About Me

IT Professional with more than 16 years experience in IT especially in the area of full life-cycle of Web/Desktop Applications Development, Database Development, Software Engineering, Consultancy, Data Management, Data Quality, Data Migrations, Reporting, ERP support, etc.

Thursday, April 01, 2010

The Power of Joins – Part II: Horizontal Joins

Introduction
    A horizontal join allows retrieving data from two or more datasets by merging/comparing the rows from each involved dataset, the join of rows being done on vertical, thus a row from the final result dataset containing only the attributes from one of the input datasets, the attributes being matched based on their order in the dataset (first attribute with first attribute from each dataset, second with the second, and so on), the output attribute taking the name of the correspondent attribute from the first. It worth to mention that the comparison is done at row level, thus we could talk about distinct rows if at least one of the attributes is having different values.

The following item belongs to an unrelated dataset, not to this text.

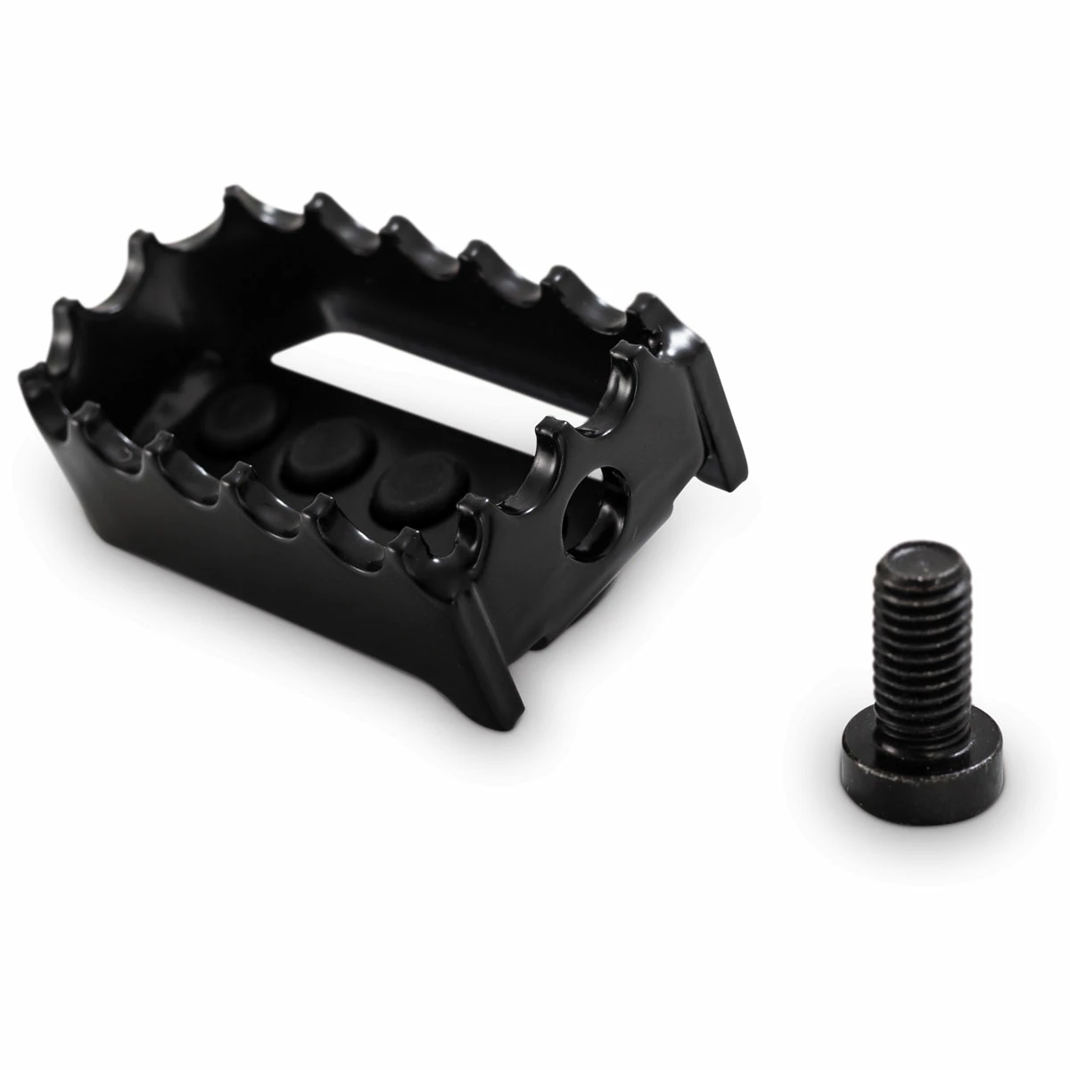 The ideal match to keep the MX Style theme from Burly Brand going on your street machine! Inspired by motocross applications and brought to life for your street bike. These toe pegs just as the MX style foot pegs feature a serrated edge and rubber pad for impressive boot protection.
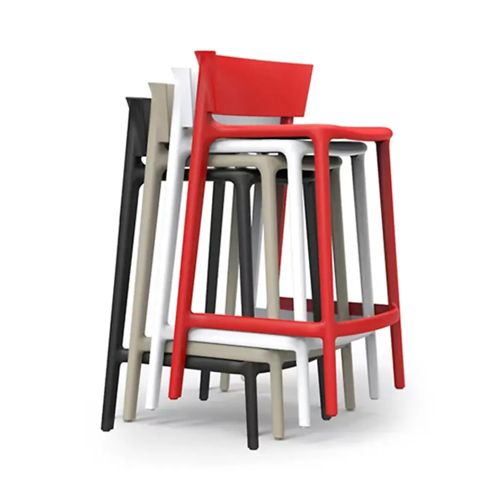 Say hello to the Africa Bar Stool - Set of 4 by Vondom, a perfect blend of simplicity and sophistication. Crafted with shock-resistant, 100% recyclable materials and a UV stabilizer, these stools are designed by Eugeni Quitllet. Whether in your dining area, kitchen, living room, or bar, they bring natural forms and serenity to your space. Following the success of the Africa chair, these stools elevate your gatherings with friends, embodying the essence of simplicity and originality. Welcome the Africa collection into your home—a growing family of timeless design.

    There are two important constraints horizontal joins comes with: the datasets involved in a vertical join must have the same number of attributes and the joined attributes must have the same data type. If one of the attributes is not available in one of the datasets, a NULL or other default value could be provided for the missing attribute, while in case data types can’t be converted implicitly then the conversion must be done explicitly to a data type sufficient to accommodate the data type of the attributes joined under the same attribute.
  
      The general syntax for an horizontal join could be written as follows:
-- Horizontal Join syntax
SELECT A.Attribute1
[, A.Attribute]
FROM TABLE1 A
[WHERE <constraints>]
UNION | INTERSECT | EXCEPT [ALL]

SELECT B.Attribute1
[, B.Attribute]
FROM TABLE2 B
[WHERE <join_constraints>
[ORDER BY <order_attributes>]


Notes:
1.    There are 3 horizontal join operators UNION for union (AUB), INTERSECT (A∩B) for intersection and EXCEPT for subtraction (A\B), and only UNION could be used in combination with ALL keyword in order to show ignore the duplicates. Please note that only the union and intersection operators are commutative: AUB = BUA, respectively A∩B = B∩A, while A\B<>B\A.
2.    The SELECT statement for each dataset could include any complex logic supported, including aggregates, window ranking and aggregate functions, virtual tables (views, user-defined functions), vertical joins, etc.
3.     The horizontal join may contain only one ORDER BY clause placed at the end of the query, and with it could be used directly the attributes’ name or alias given to the columns from first dataset. In case aliases are used, and especially when many attributes are involved or then when the attribute involve complex logic, it makes sense to use the same alias also for the other datasets involved in the join.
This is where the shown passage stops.